Na segunda-feira seguinte, porém, algo parece diferente. Há alguém novo atrás da máquina de espresso.

Você faz o pedido, senta, abre o celular e espera. Mais do que o normal.

Quando olha para o balcão, percebe o novo barista tentando acompanhar os pedidos em meio a uma bancada desorganizada, copos acumulados e movimentos inseguros. Ele limpa o suor da testa várias vezes antes de finalmente entregar o café, em um copo takeaway, embora você nunca peça takeaway. Você experimenta mesmo assim.

Está ruim.

O problema ali não era falta de esforço, nem falta de formação. Era falta de prontidão.

E, na prática, foi você quem financiou a curva de aprendizagem daquela contratação.

Durante décadas, isso foi considerado normal. Novos colaboradores aprendem trabalhando. O novo operador atende chamadas reais. O novo gestor conduz reuniões reais. O novo analista toma decisões reais. E o cliente sente diretamente os efeitos dessa curva de aprendizagem.

Mas talvez esteja na hora de questionar por que tantas organizações continuam tratando clientes como ambiente de treino.

O intervalo que quase ninguém desenha

Empresas investem milhões em recrutamento, retenção, employer branding e atração de talento. Discutem escassez de mão de obra qualificada, experiência do colaborador e competitividade salarial.

Ao mesmo tempo, muitas continuam tratando a preparação para o trabalho como uma etapa secundária.

Existe uma lógica silenciosa por trás disso: se a pessoa tem boa formação, experiência prévia e passou pelo processo seletivo, então deveria conseguir performar rapidamente.

Só que qualificação não é a mesma coisa que capacidade de execução.

Uma pessoa pode conhecer conceitos, ferramentas e processos, e ainda assim não estar pronta para executar com consistência em um ambiente real, sob pressão, diante de clientes reais.

O que normalmente existe é integração administrativa: acesso aos sistemas, apresentações institucionais, políticas internas, módulos obrigatórios e algum treinamento técnico inicial.

Tudo isso é necessário.

Mas explicar o trabalho não é a mesma coisa que preparar alguém para executá-lo bem.

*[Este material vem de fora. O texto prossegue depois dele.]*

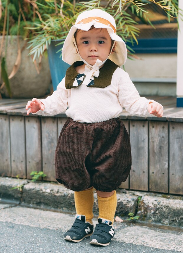 ぷっくりシルエットが可愛いかぼちゃパンツをはいてご満悦♡ プレーンなトップスにつけ襟を合わせてクラシックなムードをオン。ブラウン×アイボリーでまとめたコーデに、黄色の靴下をアクセントにし、チューリップハットで遊び心をプラス。秋らしい色使いと小物使いがお上手♪
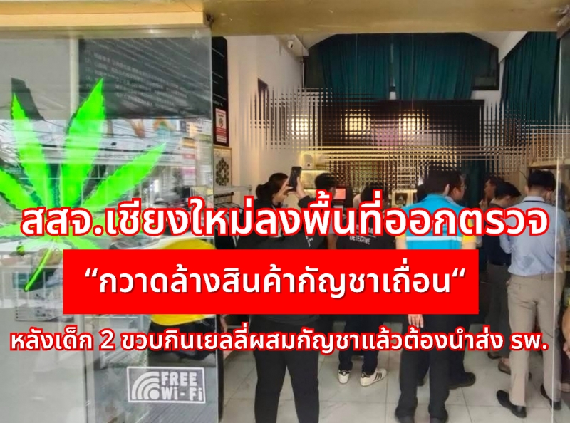ตามที่ นายสมศักดิ์ เทพสุทิน รัฐมนตรีว่าการกระทรวงสาธารณสุข ได้สั่งการ สำนักงานสาธารณสุขจังหวัด(สสจ.) ทั่วประเทศ ให้ดำเนินการกวาดล้างอย่างต่อเนื่องจนกว่าจะหมดไป จากกรณีเด็กหญิง 2 ขวบ 6เดือน กินเยลลี่หมี ผสมกัญชาจนต้องนำส่งโรงพยาบาล ในพื้นที่จังหวัดเชียงใหม่ นายแพทย์วรัญญู จำนงประสาทพร นายแพทย์สาธารณสุขจังหวัดเชียงใหม่ มอบหมายให้เจ้าหน้าที่กลุ่มงานคุ้มครองผู้บริโภคและเภสัชสาธารณสุข และเจ้าหน้าที่กลุ่มงานการแพทย์แผนไทยและการแพทย์ทางเลือก สำนักงานสาธารณสุขจังหวัดเชียงใหม่ ลงพื้นที่ตรวจสอบร้านและสถานประกอบการจำหน่ายกัญชาในเขตพื้นที่จังหวัดเชียงใหม่ ร่วมกับสำนักงานเขตสุขภาพที่ 1 ศูนย์อนามัยที่ 1 เชียงใหม่ ศูนย์วิทยาศาสตร์การแพทย์เชียงใหม่ และตำรวจท่องเที่ยว เพื่อเฝ้าระวังและประเมินการปฏิบัติตามกฎหมายและแนวทางที่กระทรวงสาธารณสุขกำหนด รวมถึงเน้นย้ำการจัดระเบียบการจำหน่ายกัญชาให้เป็นไปตามมาตรฐานด้านสุขภาพ ความปลอดภัย และการคุ้มครองผู้บริโภค โดยเฉพาะกลุ่มเด็กและเยาวชน

O paradoxo do onboarding moderno

Os números ajudam a revelar esse desalinhamento.

Segundo pesquisas da Gallup, apenas 12% dos profissionais acreditam fortemente que suas organizações fazem um bom trabalho de onboarding. Ao mesmo tempo, estudos publicados pela Harvard Business Review mostram que novos colaboradores levam, em média, oito meses para atingir plena produtividade.

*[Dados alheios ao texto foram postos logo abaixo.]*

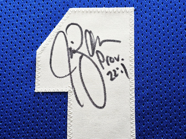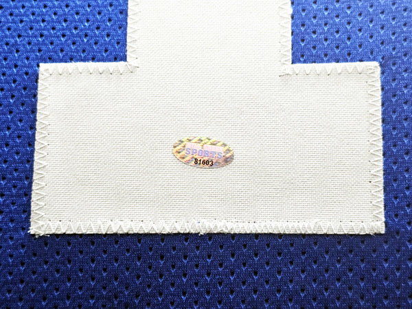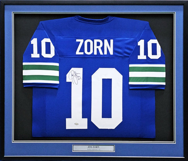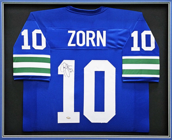 This is a framed Blue Jersey, approximately 31x36 with the frame, that has been hand signed by Jim Zorn. This is a custom jersey with no name brand. The approximate size is XL. It has nice sewn in name and numbers. This item was signed in the presence of a Mill Creek Sports representative and comes with their serial numbered hologram and matching certificate of authenticity.
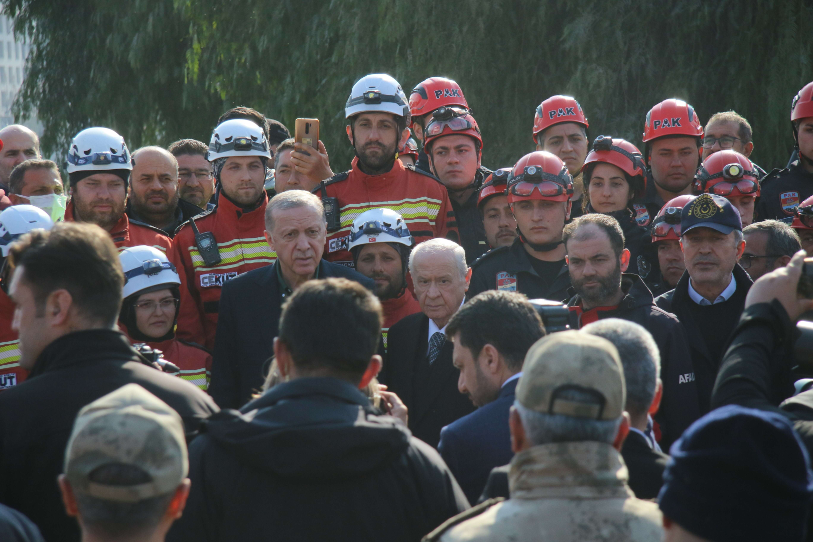 Cumhurbaşkanı Erdoğan ve MHP Lideri Bahçeli, depremin vurduğu Hatay'a geldi. Antakya'da incelemelerde bulunan Erdoğan ve Bahçeli'ye Milli Savunma Bakanı Hulusi Akar, İçişleri Bakanı Süleyman Soylu, Sağlık Bakanı Fahrettin Koca, Cumhurbaşkanlığı Sözcüsü İbrahim Kalın eşlik etti. Arama kurtarma çalışmalarına katılan ekiplerle tek tek görüşen iki lider, yaptıkları çalışmalar hakkında bilgi aldı. Erdoğan ve Bahçeli arama kurtarma ekipleriyle hatıra fotoğrafı çektirdi.

Ainda assim, grande parte das organizações continua concentrando esforços em acelerar admissões, digitalizar trilhas de aprendizagem e automatizar processos de integração.

A inteligência artificial passou a ocupar um papel importante nesse movimento. E faz sentido: AI consegue personalizar conteúdos, identificar lacunas de conhecimento, automatizar tarefas administrativas e tornar onboarding mais eficiente.

O problema é que muitas empresas continuam mirando no alvo errado.

Porque eficiência no processo de integração não resolve, por si só, a capacidade de execução.

Uma pessoa pode concluir todos os módulos digitais, passar nos testes internos e ainda não estar preparada para lidar com a complexidade do trabalho cotidiano: exceções, ambiguidades, pressão operacional, tomada de decisão e interação com clientes.

O barista do café provavelmente sabia, em teoria, como preparar um espresso.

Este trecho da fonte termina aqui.